NEW YORK, NY—Investigators have developed a model that suggests the clinical benefits of denosumab translate into economic value.

The investigators designed their model, X-GEM (Exgeva-Global Economic Model), using results from a large multiple myeloma (MM) trial that showed denosumab to be non-inferior to zoledronic acid (ZA) for skeletal-related events (SRE).

Noopur S. Raje, MD, of Massachusetts General Hospital Cancer Center in Boston, discussed this work at Lymphoma & Myeloma 2017.

The abstract was selected as the best clinical myeloma abstract of the meeting.

“I do think this is a very timely topic because people are not just concerned about the clinical outcomes in patients,” Dr Raje said. “[T]here’s a lot of buzz around the economic evaluation of what we do.”

Trial results

The phase 3 study (NCT01345019) on which X-GEM is based enrolled 1718 MM patients and randomized them to either denosumab or ZA.

The results, reported this year at ASCO, showed denosumab to be non-inferior to ZA in time to first on-study SRE, the primary endpoint.

Denosumab was also found to be non-inferior to ZA for the secondary endpoint of overall survival.

For the exploratory endpoint of progression-free survival (PFS), denosumab-treated patients experienced a significant benefit in terms of PFS. The median PFS was 46.09 months with denosumab and 35.38 months with ZA (difference, 10.71 months).

“Now, we’ve never really seen a survival difference or progression-free survival difference in patients, even in treatment studies, amounting to about 10.7 months,” Dr Raje said. “So this, we found, was quite remarkable in the study.”

Dr Raje also highlighted some safety features from the study.
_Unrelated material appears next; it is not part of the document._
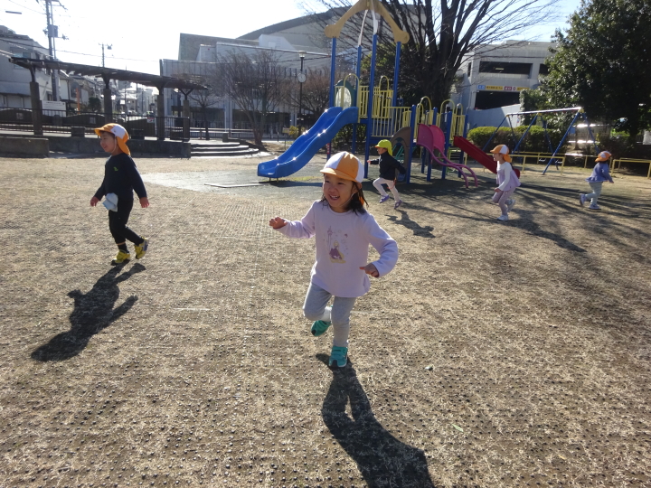 寒さが厳しい日もありますが、準備体操をして体を温めてから遊んでいます。"だるまさんがころんだ"など楽しんでいます。

There was significantly less renal toxicity with denosumab than with ZA.

“And in patients who had a creatinine clearance of less than 60 [mL/min], there was almost a doubling of renal toxicity in patients getting zoledronic acid,” she said.

“[D]enosumab may, in fact, be the safer alternative, specifically, in our patients with multiple myeloma who we all know have this problem of renal toxicity throughout the course of their lifetime with myeloma.”

X-GEM

Investigators based X-GEM on the original model published by Stopeck et al. in 2012, which evaluated the cost-effectiveness of denosumab to prevent SREs compared with ZA in patients with solid tumors—prostate, breast, and lung cancer.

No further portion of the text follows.